Turing Seminar Series: Can large language models reason about qualitative spatial and temporal information?
Robert Blackwell, Senior Research Associate, Alan Turing Institute
43 Woodland Road, G.01 LT
Many claims have been made about the apparent intelligent behaviour of Large Language Models (LLMs), with some recent models being explicitly designed for reasoning tasks (e.g. OpenAI o1 and o3-mini). However, questions remain about the extent to which LLMs really demonstrate a capacity for common sense reasoning.

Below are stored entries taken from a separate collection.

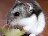 El hámster ruso (Phodopus sungorus) es originario de Kazajistán y el suroeste de Siberia. Es en la actualidad el hámster enano con mayor difusión debido a su buena reputación, por su gran docilidad. Son pequeños (de 7 a 10 cm) y viven entre 1,5 y 2,5 años. Existen varios colores; entre ellos el nominal (gris con raya dorsal más oscura), argente, perla, zafiro, etc. Aceptan mejor que el hámster dorado la convivencia con los de su misma especie, y más aún si fueron criados juntos desde que nacieron; igualmente nunca hay que confiarse demasiado.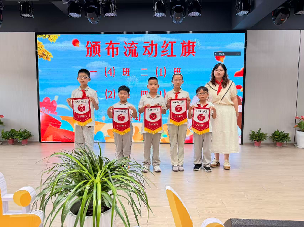 本次活动中还进行了多项表彰。在上周的乐动校园校园广播操比赛中,一(2)班等5个班级获团体第一名,一(4)班等5个班级获团体第二名,一(1)班等10个班级获红色活力班级,党总支书记施建英、德育主任王玲和副校长陈芬分别为获奖班级颁奖。随后,德育主任王玲老师宣布流动红旗获得班级名单,并激励各中队营造优良校园风尚。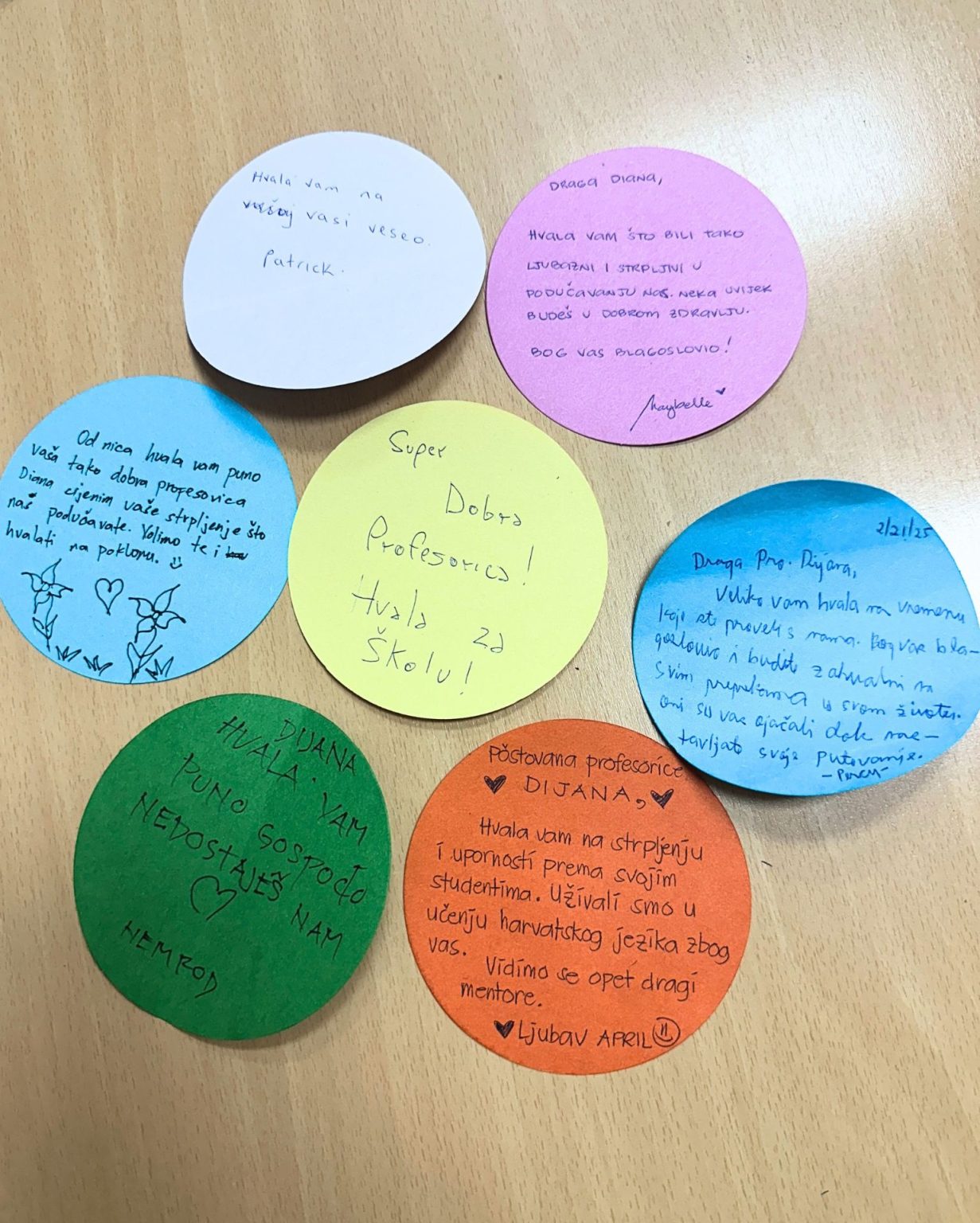 Na završnom satu vladala je emotivna atmosfera. Polaznici su profesorici Fric pripremili poseban poklon i napisali poruke zahvalnosti, izražavajući koliko im je tečaj značio i koliko su ponosni na svoj napredak. Istaknuli su kako im je ovaj tečaj ne samo pomogao u učenju jezika, već ih i povezao s novim ljudima, stvorio nova prijateljstva te učinio njihovu prilagodbu životu u Hrvatskoj lakšom i ljepšom.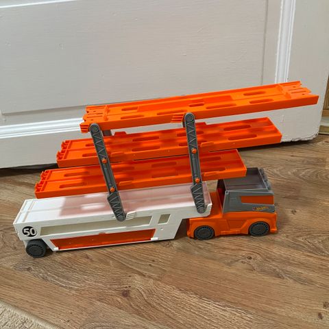 Hot Wheels biltransporter/lastebil. Designet for å transportere og organisere Hot Wheels-biler.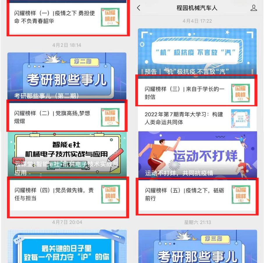通过深挖学生典型事迹,讲述在校园抗疫志愿服务过程中的点滴故事,在“程园机械汽车人”微信公众号号平台上持续报道“闪耀榜样系列”共计五期内容,在同学们之间产生了广泛模范带动作用。通过宣传学生志愿者代表故事,充分发挥朋辈教育在疫情之下所起到的等方面的育人潜能和价值,做到朋辈引领、知行合一。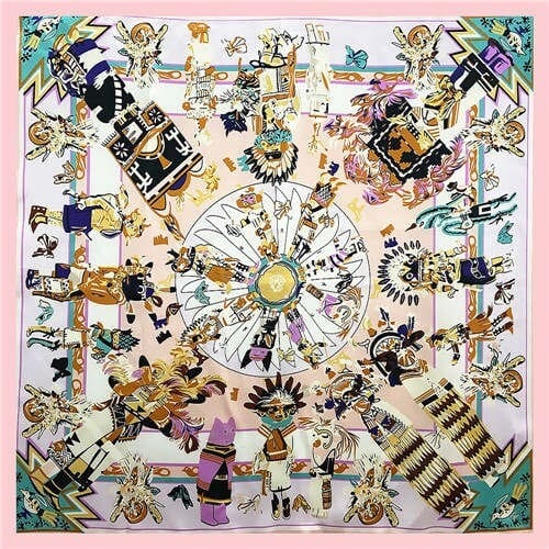 Classic Amerian Indian Party Theme Artificial Silk 90*90 cm Women Square Scarf – White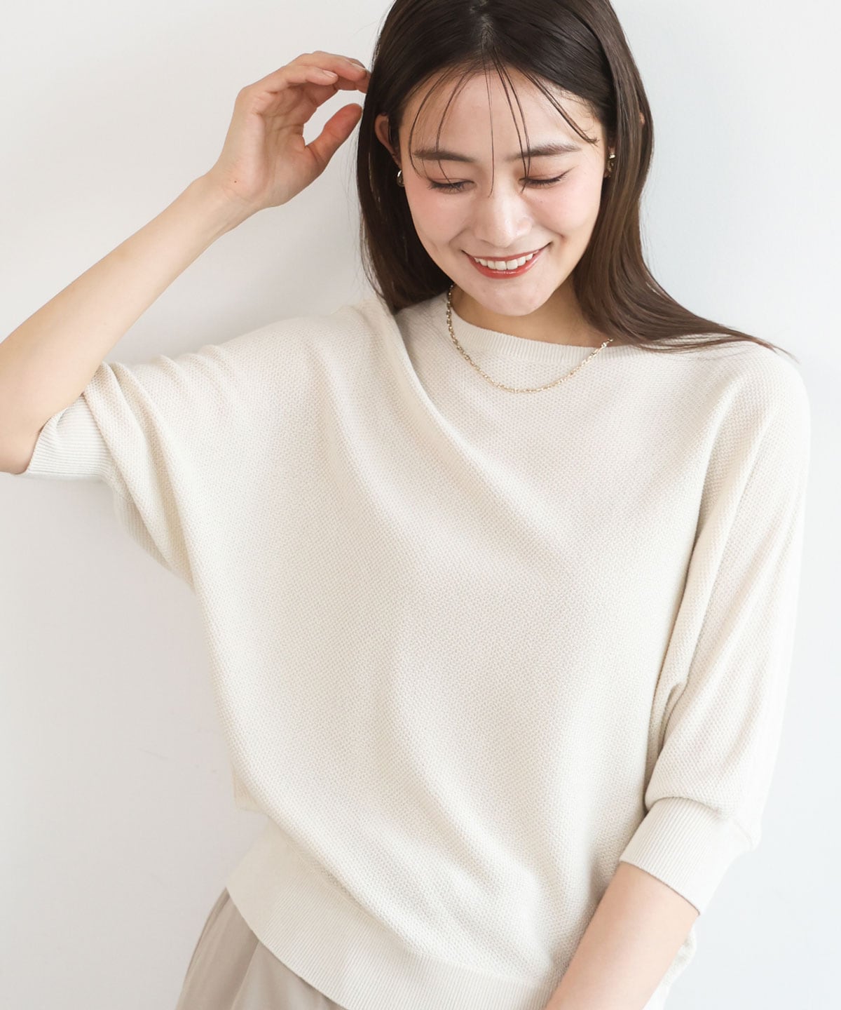 鹿の子編みでさらりとした着心地が魅力の素材です。UVカット機能付きで手洗い可能です。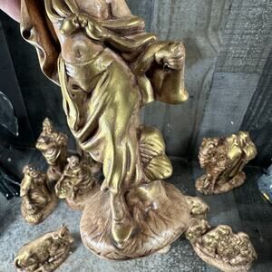Vintage Atlantic Mold Nativity Scene - Large 13 Detailed Pieces Christmas The staff/stick is missing frmo one figure. See photos. Great item with very minor signs of wear.
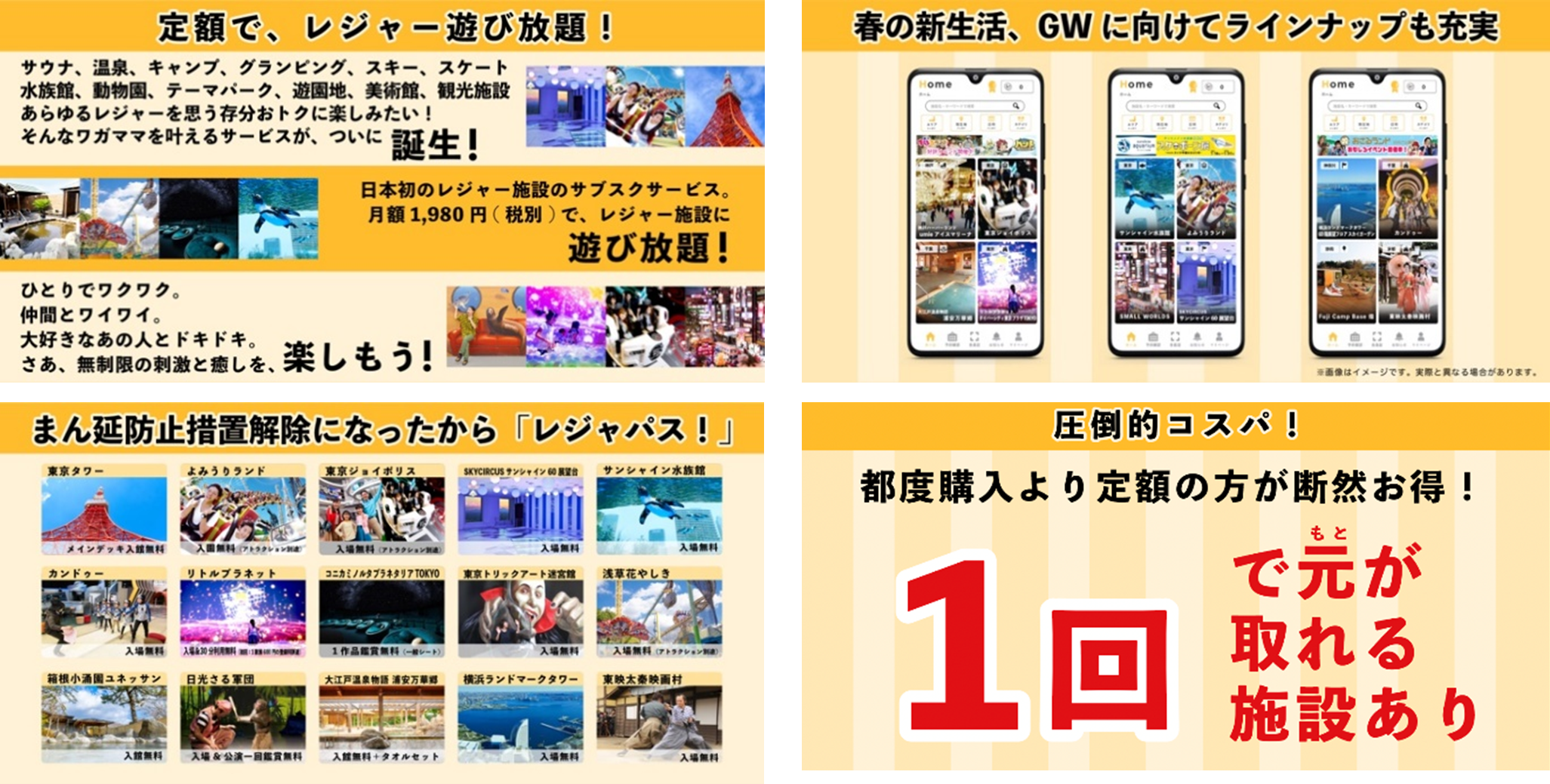 日本初(※)のレジャーのサブスク・年パスサービス「レジャパス!」4月8日(金)サービス利用開始!!

In natural language, spatial and temporal information is often represented qualitatively (using prepositions such as on, in, left of, north of, part of, under, touching, before, after, ...) and many qualitative spatial and temporal calculi have been developed to formalise such information (e.g. Allen’s Interval Algebra, Cardinal Direction Calculus, and Region Connection Calculus). These calculi have been extensively studied by AI researchers for decades, and we now use them to generate benchmarks to test state-of-the-art language models. By systematically examining the characteristics and failure modes of models, we aim to identify limitations and provide insights for researchers and policymakers concerning the reliability, safety, and utility of LLMs.
I hope that the talk will be of interest to researchers using LLMs for spatial applications, as well as those undertaking LLM evaluation.
Robert Blackwell is a Senior Research Associate at the Alan Turing Institute in London, where he works on the Fundamental AI Programme.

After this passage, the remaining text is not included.